Tag Archives: confidence

The center of attention

I’ll be the first to admit, my confidence level has never really been that high as an adult recreational dancer.

I seek out the barre on the side in the classroom where most of my classes are just to avoid the mirror.

I depend too much on watching my neighbor when trying to do the step in a combination, and at times, to stay on the music.

Mr. O, our artistic director and one of my main teachers, senses it and will challenge me in class.

Such was the case during Wednesday’s class.

There were 10 or us. We were to divide into groups of five with two in front, one in the center and two in back.

I began to walk to my usual back. One reason is etiquette. There are two other guys and I generally go with them.

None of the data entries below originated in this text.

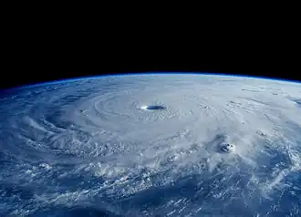On March 28, microwave satellite imagery revealed an eye with central dense overcast obscuring most of the feature;[10] accordingly, the JMA upgraded Maysak to a severe tropical storm.[6] The storm continued to strengthen while moving westward along the periphery of a subtropical ridge,[10] The eye became more defined and the convection became more consolidated.[11] Early on March 29, the JMA upgraded Maysak further to typhoon status, estimating 10 minute winds of 120 km/h (75 mph).[6] That day, the typhoon moved over Chuuk Lagoon, the first time an eye crossed the lagoon since Typhoon Amy in 1971.[12][13] The storm developed good outflow, enhanced by a strong northerly flow,[14] although moderate wind shear kept Maysak from intensifying more quickly.[15] However, the eye became clearly visible on March 30,[16] and the typhoon rapidly intensified after the shear diminished.[17] The JTWC reported a 30 km (19 mi) wide eye displaying the stadium effect, and surrounded by very deep convection. On March 31, the agency assessed that Maysak intensified into a Category 5-equivalent super typhoon on the SSHWS, with 1-minute sustained winds of 260 km/h (160 mph); this was increased to 280 km/h (175 mph) in post-season reanalysis, the highest on record for a pre-April typhoon.[18] Around that time, the storm was moving through the Federated States of Micronesia (FSM), passing just north of Fais Island,[19] and also very near Ulithi.[18] Late on March 31, Maysak reached its peak intensity, and the JMA estimated peak winds of 195 km/h (120 mph) and a minimum pressure of 910 mbar (27 inHg),[6] although operationally, the agency had estimated that Maysak was slightly more intense.[20] This made Maysak the most powerful typhoon ever recorded before April, surpassing Typhoon Mitag of 2002, Typhoon Alice of 1979, and Typhoon Harriet of 1959.[18]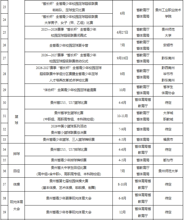 “奔跑吧·少年”2026年贵州省体教融合赛事计划: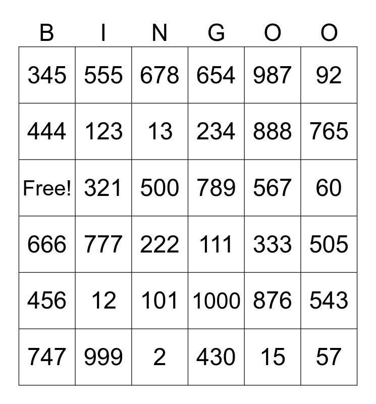 This bingo card has 36 words: 1000, 101, 430, 444, 666, 789, 123, 2, 987, 876, 765, 654, 543, 321, 234, 345, 456, 567, Free!, 678, 500, 777, 111, 222, 333, 555, 888, 999, 13, 92, 57, 747, 505, 60, 12 and 15.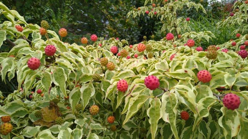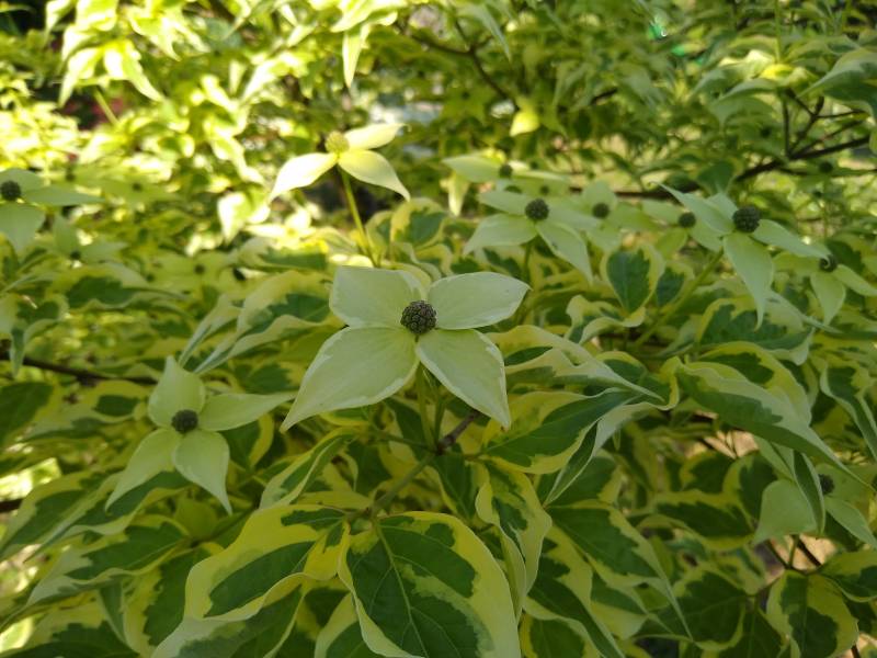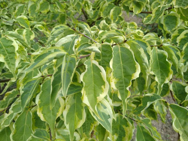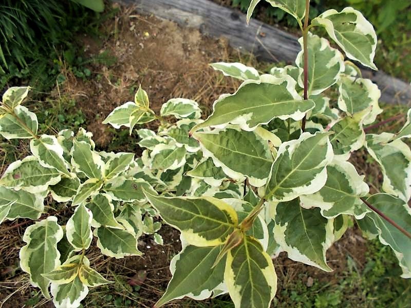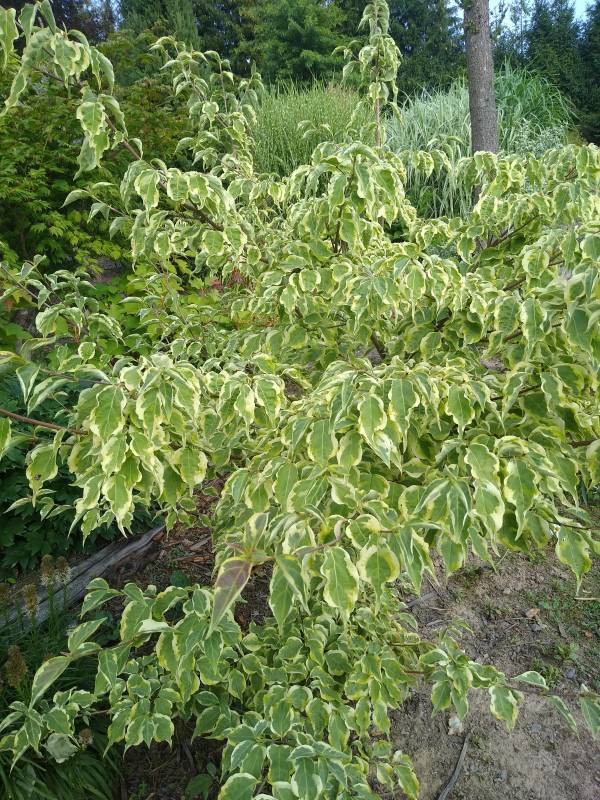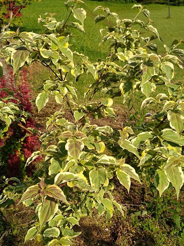 Średniej wielkości krzew lub małe drzewko, dorastające do 3 m. wysokości. Liście: zielone z nieregularną kremowo-białą obwódką, spiczaste, jesienią przebarwiają się na różowo-purpurowo. Podsadki: wydłużone, białe. Stanowisko: słoneczne, półcieniste, zaciszne, ciepłe. Gleba: żyzna, umiarkowanie wilgotna, przepuszczalna, o odczynie kwaśnym do obojętnego.

And at times, I go in the back just to be as hidden as a I can during a combination in which it’s just me and company wonders.

Nothing like being at the absolute bottom of the class talent-level wise.

In this open class, there are two teenage girls who are really close to my level.

My plan was thwarted.

Nothing like being singled out.

I was to be in the center of the group with the company girls.

Just to work on my confidence.

It was a slow, graceful, adagio combination. Walk three steps, pique twice, then pique arabesque turn (pique attitude the second time we did the combination), tonbe pas de bouree pirouette (repeat).

I actually got praise the second time we did the combination, but it was a bit scary when I was told to look in the mirror to see “my line.”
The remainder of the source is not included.